>>

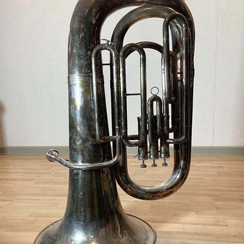 FLOT GAMMEL TUBA I MESSING/KOBBER
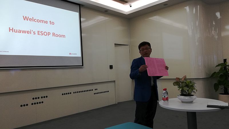Acesta a ținut să sublinieze că Huawei este o companie privată, deținută exclusiv de proprii angajați, respectiv 96.788 de acționari. Nu poți să vinzi acțiuni în afara companiei. Ren Zhengfei, fondatorul companiei deține un pachet de 1,14% din totalul acțiunilor. Ca să deții acțiuni, în primul rând trebuie să fii angajat al Huawei. Al doilea aspect este că trebuie să îndeplinești anumite criterii de performanță, pentru care primești anumite beneficii. Vânzarea și cumpărarea de acțiuni este un proces gestionat de un organism intern numit Uniunea, formată din 115 reprezentanți aleși.
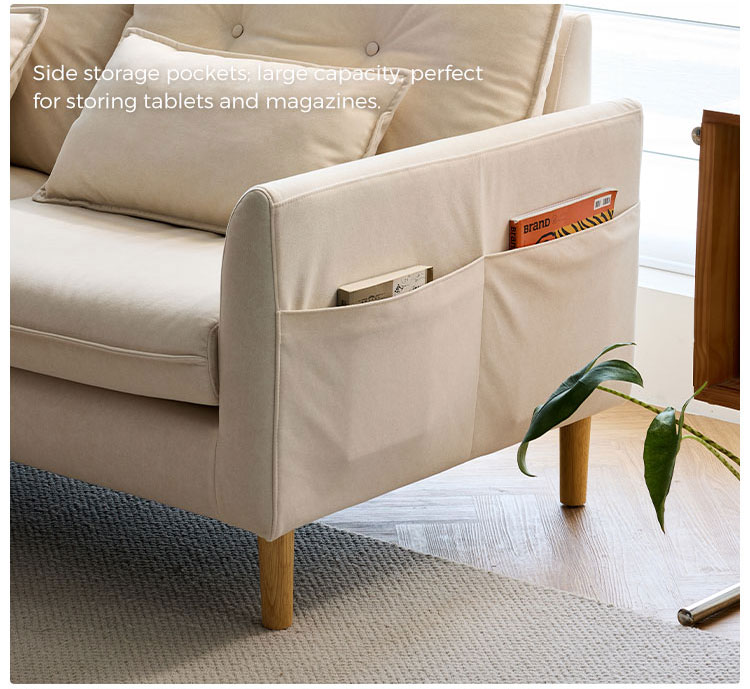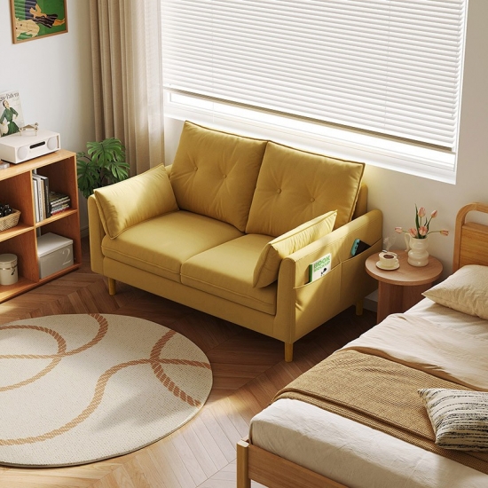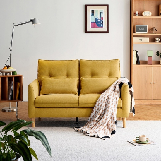 Eche un vistazo a este sofá de dos plazas, ideal para apartamentos, estudios o cualquier sala de estar acogedora. El sofá compacto de dos plazas BS806-A está diseñado para maximizar el estilo y la comodidad sin sacrificar la calidad. Fabricado con atención al detalle, cuenta con una robusta estructura de madera para una larga duración, sostenida por elegantes patas de madera maciza que le aportan un toque de atractivo y estabilidad atemporales. Su color cálido combina con diversas decoraciones.

<<

__What to produce__:
Starting at the line that holds "Acesta a ținut", copy each line exactly through the end of the listing, both ends included. Leave the pictures out.

__Result of the task__:
Acesta a ținut să sublinieze că Huawei este o companie privată, deținută exclusiv de proprii angajați, respectiv 96.788 de acționari. Nu poți să vinzi acțiuni în afara companiei. Ren Zhengfei, fondatorul companiei deține un pachet de 1,14% din totalul acțiunilor. Ca să deții acțiuni, în primul rând trebuie să fii angajat al Huawei. Al doilea aspect este că trebuie să îndeplinești anumite criterii de performanță, pentru care primești anumite beneficii. Vânzarea și cumpărarea de acțiuni este un proces gestionat de un organism intern numit Uniunea, formată din 115 reprezentanți aleși.
 Eche un vistazo a este sofá de dos plazas, ideal para apartamentos, estudios o cualquier sala de estar acogedora. El sofá compacto de dos plazas BS806-A está diseñado para maximizar el estilo y la comodidad sin sacrificar la calidad. Fabricado con atención al detalle, cuenta con una robusta estructura de madera para una larga duración, sostenida por elegantes patas de madera maciza que le aportan un toque de atractivo y estabilidad atemporales. Su color cálido combina con diversas decoraciones.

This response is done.